A full reset is going to put your box back to what one hopes to be a refreshed state. If the box goes bad because of issues like memory leaks or data structures not being updated correctly, it is just as likely that over time you will find yourself back to the same state of problems you had before you reset everything. This full formating idea is not much different than when we get new code. At first things seem good and then over time all sh!t breaks loose again with the next unwatchable or hangup. Reformatting might make things appear better in the short run but you are just as likely to have problems again once you load all your passes back in and start fully utilizing the HR20 again.


----------



## Wolffpack (Jul 29, 2003)

Meklos said:


> Finally, if it is true that a corrputed signal from the sat can take down the box, it's still got serious problems in my book.


If that's true, DTV needs to seriously need to speak with Tivo. If nothing else, restart production of R10s and HR10s. At least with that you have a reliable DVR to sell....opps....lease.

MPEG4 Locals....that's another problem that should have been considered when the upityups started turning on MPEG locals without a stable/working MPEG4 DVR.


----------



## hasan (Sep 22, 2006)

Wolffpack said:


> If that's true, DTV needs to seriously need to speak with Tivo. If nothing else, restart production of R10s and HR10s. At least with that you have a reliable DVR to sell....opps....lease.
> 
> MPEG4 Locals....that's another problem that should have been considered when the upityups started turning on MPEG locals without a stable/working MPEG4 DVR.


It may not be just on the HR20 end...this is new ground from start to finish on MPEG-4.

And...on reformatting...if any one of the hangs that people experienced corrupted files or sectors on the hard disk, then it is beneficial. To write off reformatting as a waste of time is not taking into account all the possible problems that it may address.

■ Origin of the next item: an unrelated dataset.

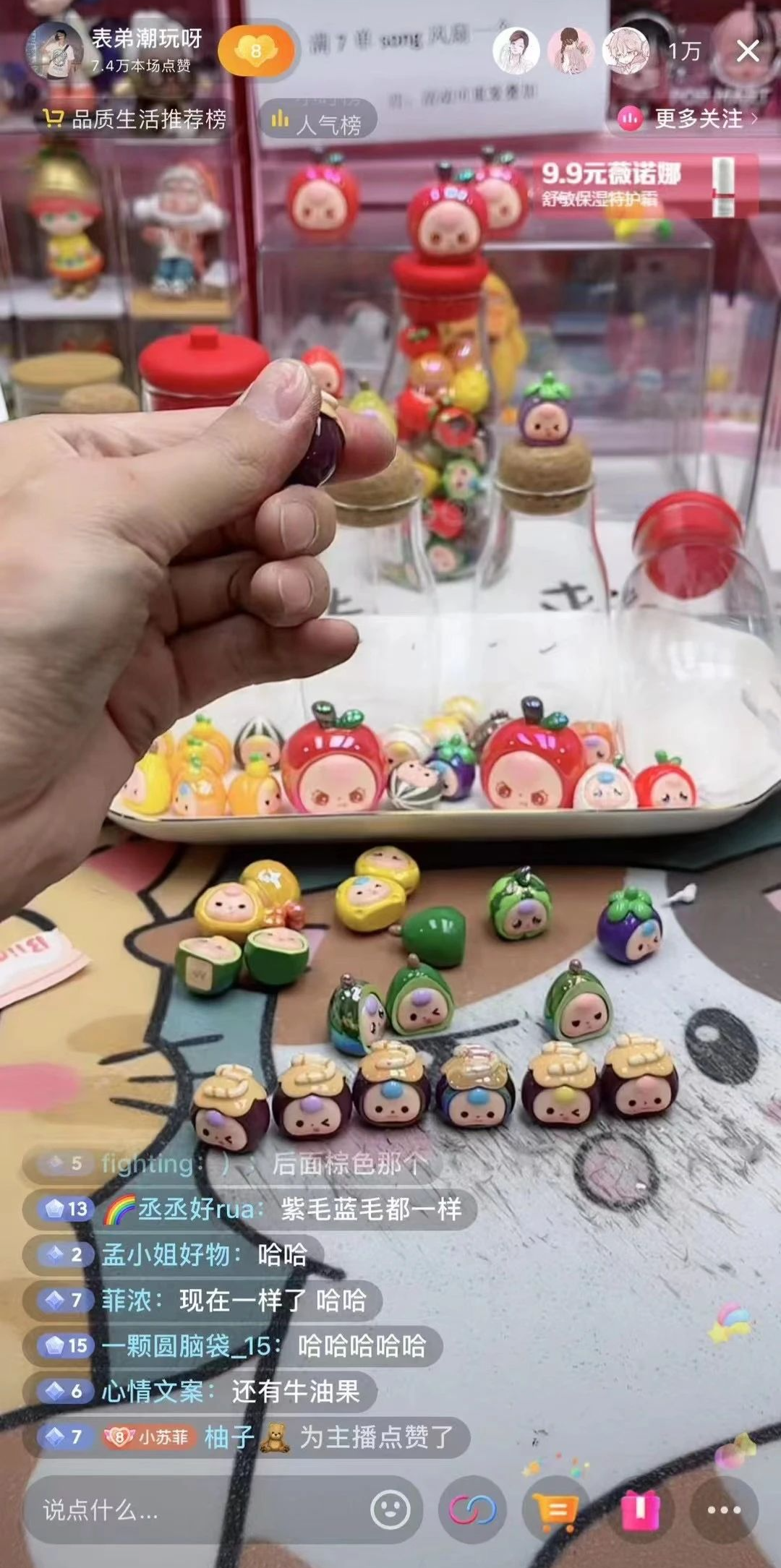 有一回,他在义乌进货,看到一款树胶盲盒,一个可爱的小女孩形象,他随手买了一些。当天晚上,一上链接就被粉丝们买完。第二天,他又进货几十个,库存继续被迅速清空;第三天,再翻倍进货,再一扫而空……

That doesn't mean it solves anything in the long term...the unit shouldn't hang/crash, but if you are stuck with the problem, it is short-sighted to not take every step possible to relieve or ameliorate (even temporarily) the problem. Getting a new box and being stiff-necked about reformatting is only going to result in the same problem showing up again on the new box. (if the cause is hard disk corruption).

I would never return a misbehaving box for replacement without reformatting first and seeing if it solved the problem. If reformatting the box didn't work, then it's time for a replacement.


----------



## Meklos (Nov 7, 2006)

btmoore said:


> A full reset is going to put your box back to what one hopes to be a refreshed state. If the box goes bad because of issues like memory leaks or data structures not being updated correctly, it is just as likely that over time you will find yourself back to the same state of problems you had before you reset everything. This full formating idea is not much different than when we get new code. At first things seem good and then over time all sh!t breaks loose again with the next unwatchable or hangup. Reformatting might make things appear better in the short run but you are just as likely to have problems again once you load all your passes back in and start fully utilizing the HR20 again.


My theory is that basically the structures have changed, and that it is the part of the recording / playback code dealing with the encryption keys is getting confused on which 'format' to be using. If you start fresh, it stays in one 'mode', utilizing the new structures only. If you have old recordings around, each time you play that recording it has to revert to reading the old structure. Add in some sloppy state change and a too-tight integration between the playback decryption engine and the recording encryption engine (i.e. state changes on the playback side somehow influence states on the recording side) and you end up with a box that records a screwed up file with bad encryption structure after you watch an old recording.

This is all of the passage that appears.